● Data for this exercise
Start of Block
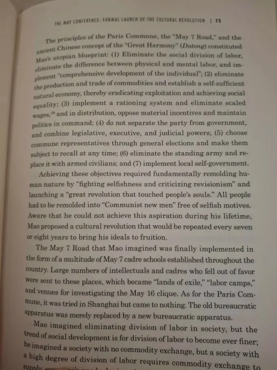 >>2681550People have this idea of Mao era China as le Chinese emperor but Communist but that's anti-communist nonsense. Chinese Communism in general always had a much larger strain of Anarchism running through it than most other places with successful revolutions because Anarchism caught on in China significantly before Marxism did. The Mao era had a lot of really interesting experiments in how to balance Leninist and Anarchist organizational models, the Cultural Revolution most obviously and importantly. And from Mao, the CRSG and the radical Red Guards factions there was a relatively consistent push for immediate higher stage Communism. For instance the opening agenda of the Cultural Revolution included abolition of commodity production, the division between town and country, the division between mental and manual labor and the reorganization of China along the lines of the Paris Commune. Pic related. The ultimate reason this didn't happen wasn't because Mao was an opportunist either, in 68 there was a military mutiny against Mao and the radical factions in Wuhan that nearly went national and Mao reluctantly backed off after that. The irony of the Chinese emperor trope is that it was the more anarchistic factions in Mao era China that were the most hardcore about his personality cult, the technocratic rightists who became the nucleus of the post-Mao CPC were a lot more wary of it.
End of Block
Start of Block
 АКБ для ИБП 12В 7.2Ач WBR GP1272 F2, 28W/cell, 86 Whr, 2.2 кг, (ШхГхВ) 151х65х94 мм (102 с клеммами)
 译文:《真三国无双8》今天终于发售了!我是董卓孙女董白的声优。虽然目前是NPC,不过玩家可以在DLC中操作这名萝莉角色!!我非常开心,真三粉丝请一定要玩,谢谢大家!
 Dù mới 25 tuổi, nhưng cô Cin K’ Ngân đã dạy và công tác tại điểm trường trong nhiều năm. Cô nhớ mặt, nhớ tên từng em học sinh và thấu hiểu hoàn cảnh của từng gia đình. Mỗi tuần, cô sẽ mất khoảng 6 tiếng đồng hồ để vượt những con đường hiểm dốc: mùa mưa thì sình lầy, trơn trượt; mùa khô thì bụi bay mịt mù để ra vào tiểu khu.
End of Block
Start of Block
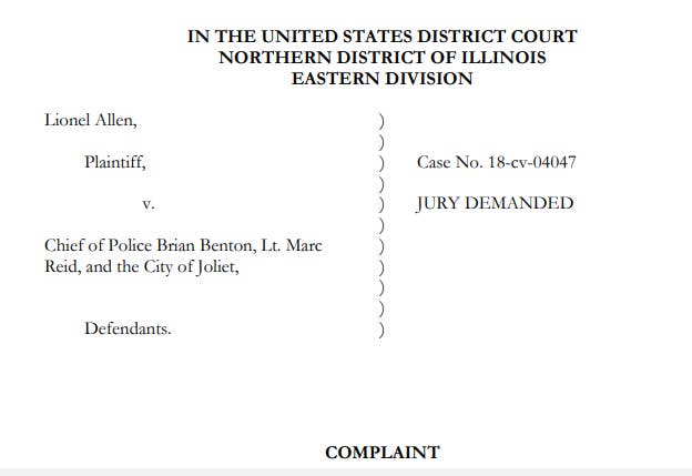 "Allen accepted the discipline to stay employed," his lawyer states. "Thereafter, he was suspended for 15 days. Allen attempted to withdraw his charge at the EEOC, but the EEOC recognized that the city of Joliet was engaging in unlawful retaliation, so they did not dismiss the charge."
End of Block
● Work order
Retype only this portion of the data above: the line containing "译文:《真三国无双8》今天终", the line containing "Dù mới 25 tuổi, nhưng", and all lines between them, exactly.

● Problem solution
 译文:《真三国无双8》今天终于发售了!我是董卓孙女董白的声优。虽然目前是NPC,不过玩家可以在DLC中操作这名萝莉角色!!我非常开心,真三粉丝请一定要玩,谢谢大家!
 Dù mới 25 tuổi, nhưng cô Cin K’ Ngân đã dạy và công tác tại điểm trường trong nhiều năm. Cô nhớ mặt, nhớ tên từng em học sinh và thấu hiểu hoàn cảnh của từng gia đình. Mỗi tuần, cô sẽ mất khoảng 6 tiếng đồng hồ để vượt những con đường hiểm dốc: mùa mưa thì sình lầy, trơn trượt; mùa khô thì bụi bay mịt mù để ra vào tiểu khu.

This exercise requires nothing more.